• [TASK OBJECTIVE]: Among the records below, find the line with "contra tots i a partit únic." and the line with "Image 1 | Left". Set down both and every line between, exactly and with no pictures, but nothing else.

• [SUPPLIED DATA]:
────────────────

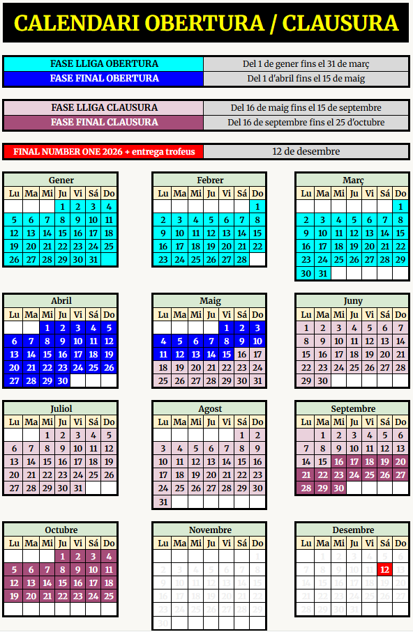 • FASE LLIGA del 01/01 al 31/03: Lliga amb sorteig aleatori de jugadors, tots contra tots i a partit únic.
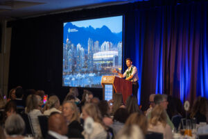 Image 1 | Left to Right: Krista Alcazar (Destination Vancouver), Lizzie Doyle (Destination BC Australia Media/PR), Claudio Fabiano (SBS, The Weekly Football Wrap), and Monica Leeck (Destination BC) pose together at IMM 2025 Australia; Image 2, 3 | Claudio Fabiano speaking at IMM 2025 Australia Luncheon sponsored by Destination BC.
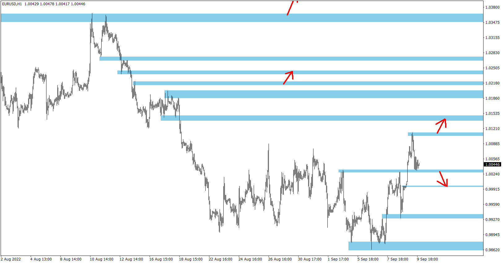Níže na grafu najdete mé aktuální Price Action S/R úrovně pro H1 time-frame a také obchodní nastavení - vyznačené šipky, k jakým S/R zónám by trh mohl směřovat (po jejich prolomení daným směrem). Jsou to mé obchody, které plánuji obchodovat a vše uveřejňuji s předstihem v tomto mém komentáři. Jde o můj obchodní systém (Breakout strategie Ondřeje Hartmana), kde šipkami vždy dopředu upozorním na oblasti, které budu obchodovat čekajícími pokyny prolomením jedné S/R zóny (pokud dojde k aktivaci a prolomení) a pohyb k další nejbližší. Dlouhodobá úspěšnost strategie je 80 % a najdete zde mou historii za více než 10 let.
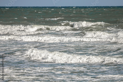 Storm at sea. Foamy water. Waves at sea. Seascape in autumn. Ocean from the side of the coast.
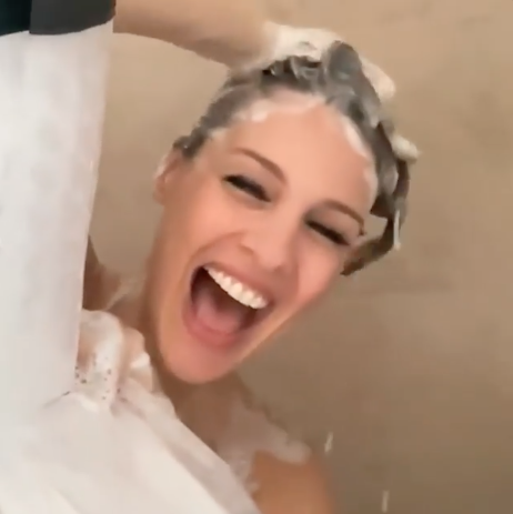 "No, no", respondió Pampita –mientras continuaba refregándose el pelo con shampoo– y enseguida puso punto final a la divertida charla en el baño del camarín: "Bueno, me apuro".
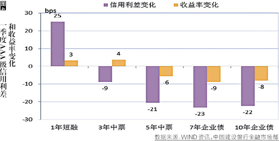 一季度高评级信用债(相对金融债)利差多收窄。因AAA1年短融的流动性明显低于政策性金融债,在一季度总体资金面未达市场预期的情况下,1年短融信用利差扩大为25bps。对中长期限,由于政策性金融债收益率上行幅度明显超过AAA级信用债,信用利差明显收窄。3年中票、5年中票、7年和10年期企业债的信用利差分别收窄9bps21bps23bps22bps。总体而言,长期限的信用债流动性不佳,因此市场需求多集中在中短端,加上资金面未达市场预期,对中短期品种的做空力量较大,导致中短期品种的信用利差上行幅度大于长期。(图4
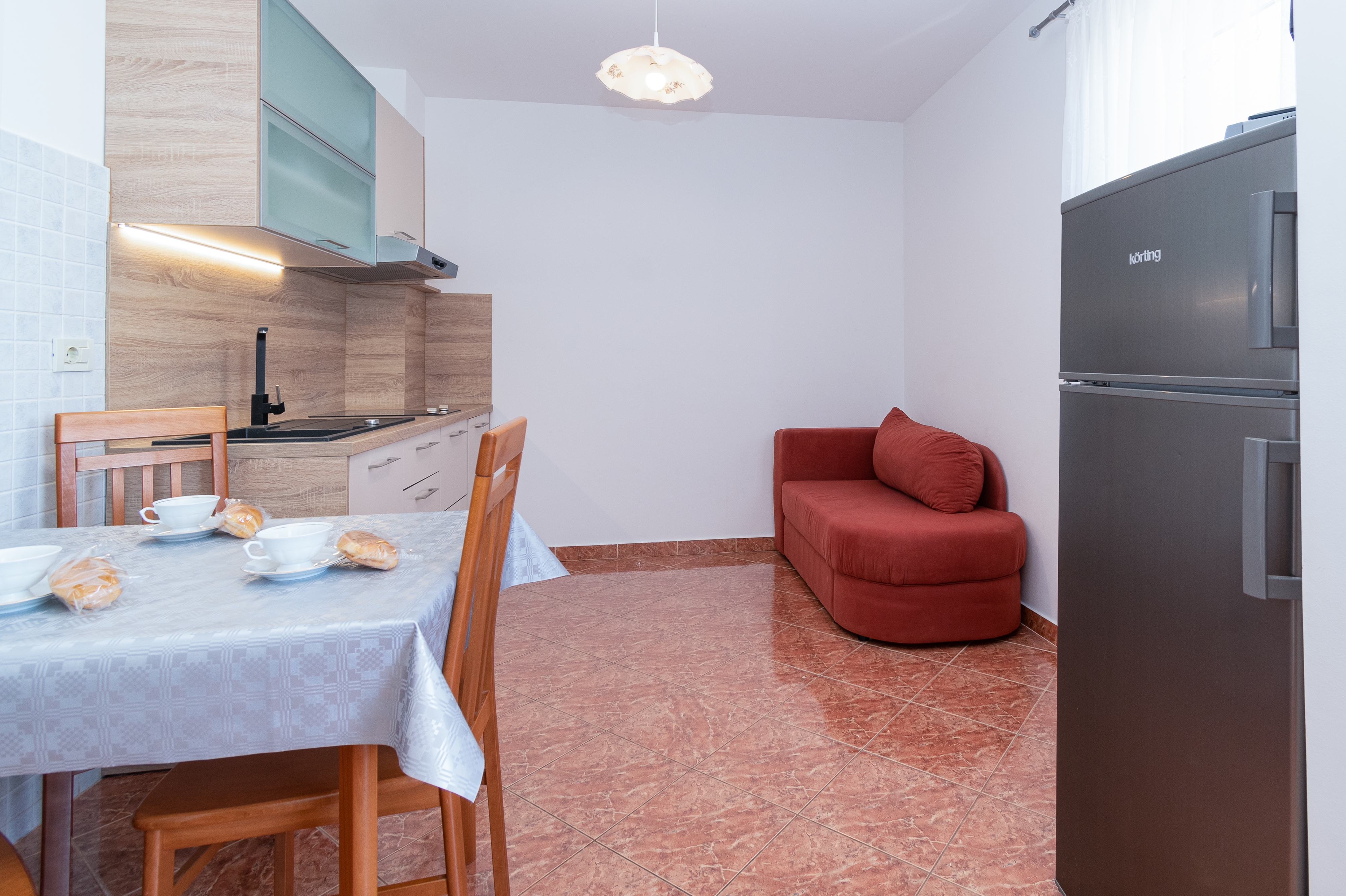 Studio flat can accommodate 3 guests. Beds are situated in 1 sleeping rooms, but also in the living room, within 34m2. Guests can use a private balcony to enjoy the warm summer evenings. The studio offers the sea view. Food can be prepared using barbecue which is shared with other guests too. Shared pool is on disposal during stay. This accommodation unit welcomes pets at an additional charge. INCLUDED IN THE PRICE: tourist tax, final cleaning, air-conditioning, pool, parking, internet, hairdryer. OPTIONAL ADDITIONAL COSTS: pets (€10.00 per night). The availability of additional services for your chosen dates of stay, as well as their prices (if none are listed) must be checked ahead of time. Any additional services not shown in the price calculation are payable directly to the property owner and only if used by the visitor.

────────────────

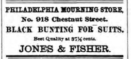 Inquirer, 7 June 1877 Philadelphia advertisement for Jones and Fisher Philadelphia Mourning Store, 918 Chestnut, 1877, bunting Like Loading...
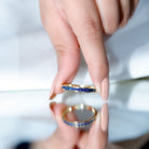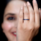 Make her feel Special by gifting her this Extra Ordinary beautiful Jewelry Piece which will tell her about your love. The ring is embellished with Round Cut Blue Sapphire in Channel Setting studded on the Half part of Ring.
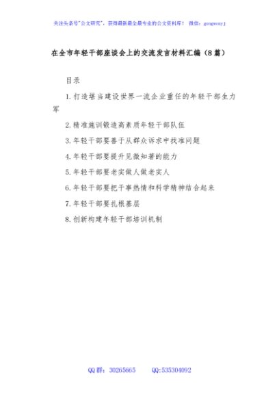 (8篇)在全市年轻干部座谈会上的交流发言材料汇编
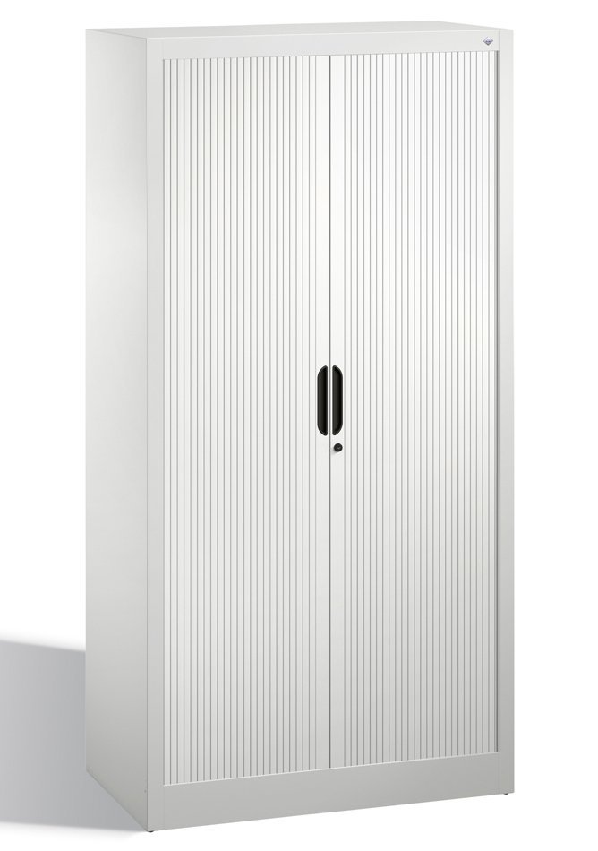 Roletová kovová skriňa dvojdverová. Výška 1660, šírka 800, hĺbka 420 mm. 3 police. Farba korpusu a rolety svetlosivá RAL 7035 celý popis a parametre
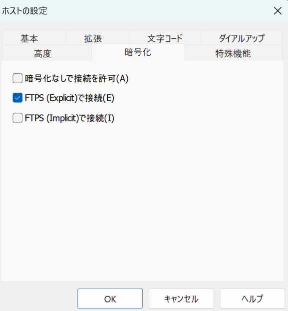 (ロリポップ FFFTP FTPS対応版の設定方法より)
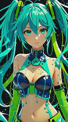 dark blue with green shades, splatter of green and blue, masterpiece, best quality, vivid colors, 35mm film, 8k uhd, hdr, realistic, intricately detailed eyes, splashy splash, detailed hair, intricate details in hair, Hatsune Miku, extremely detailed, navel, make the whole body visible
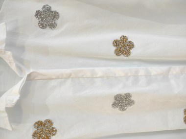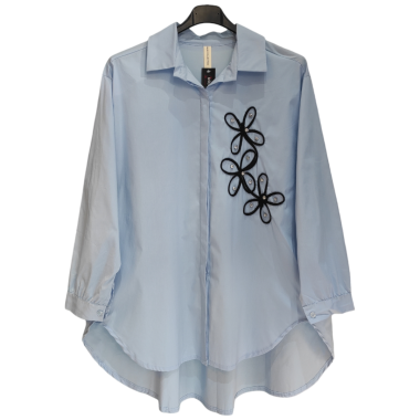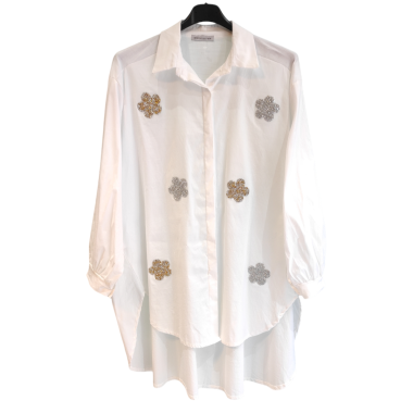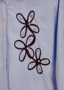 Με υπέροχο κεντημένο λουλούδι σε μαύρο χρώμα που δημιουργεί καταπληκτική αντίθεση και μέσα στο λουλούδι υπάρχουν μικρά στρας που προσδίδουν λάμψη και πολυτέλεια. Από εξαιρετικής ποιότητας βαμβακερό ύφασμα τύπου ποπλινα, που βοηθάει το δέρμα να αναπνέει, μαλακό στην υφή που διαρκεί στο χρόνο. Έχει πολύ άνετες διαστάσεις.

────────────────

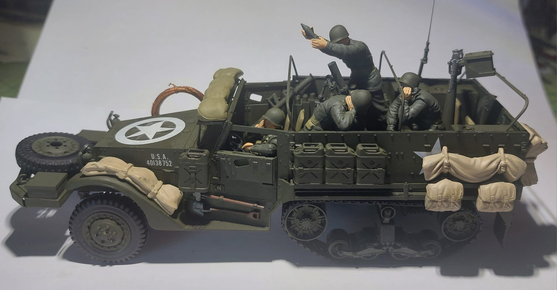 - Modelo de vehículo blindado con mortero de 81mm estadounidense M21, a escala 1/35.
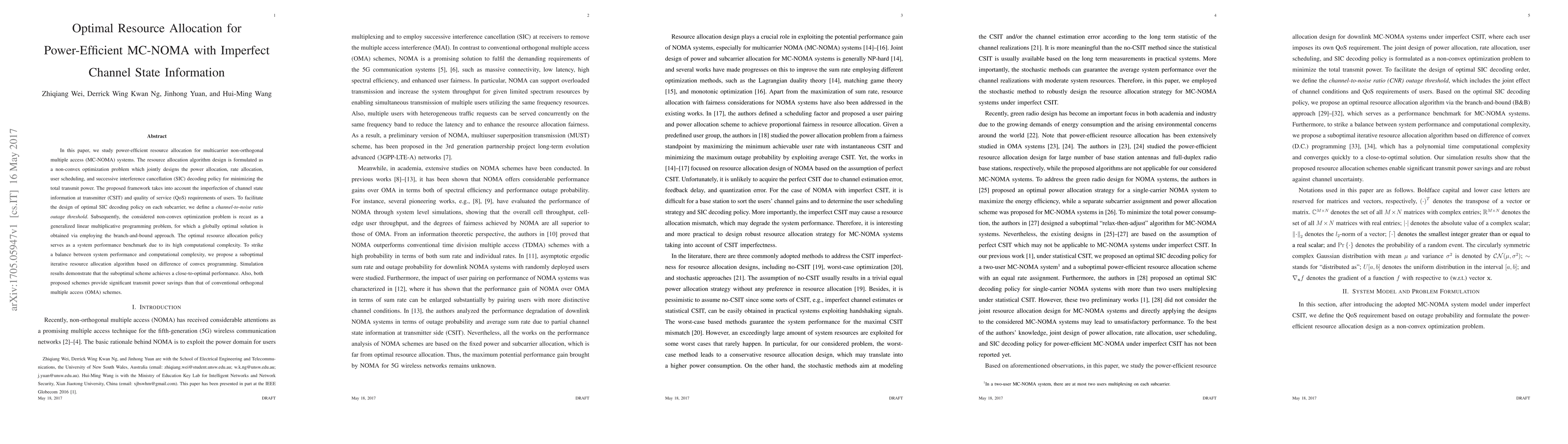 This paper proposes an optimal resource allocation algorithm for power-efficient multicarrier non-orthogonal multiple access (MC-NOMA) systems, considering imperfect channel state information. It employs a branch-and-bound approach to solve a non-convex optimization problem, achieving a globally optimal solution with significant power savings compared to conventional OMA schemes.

────────────────

• [EXERCISE RESPONSE]:
 • FASE LLIGA del 01/01 al 31/03: Lliga amb sorteig aleatori de jugadors, tots contra tots i a partit únic.
 Image 1 | Left to Right: Krista Alcazar (Destination Vancouver), Lizzie Doyle (Destination BC Australia Media/PR), Claudio Fabiano (SBS, The Weekly Football Wrap), and Monica Leeck (Destination BC) pose together at IMM 2025 Australia; Image 2, 3 | Claudio Fabiano speaking at IMM 2025 Australia Luncheon sponsored by Destination BC.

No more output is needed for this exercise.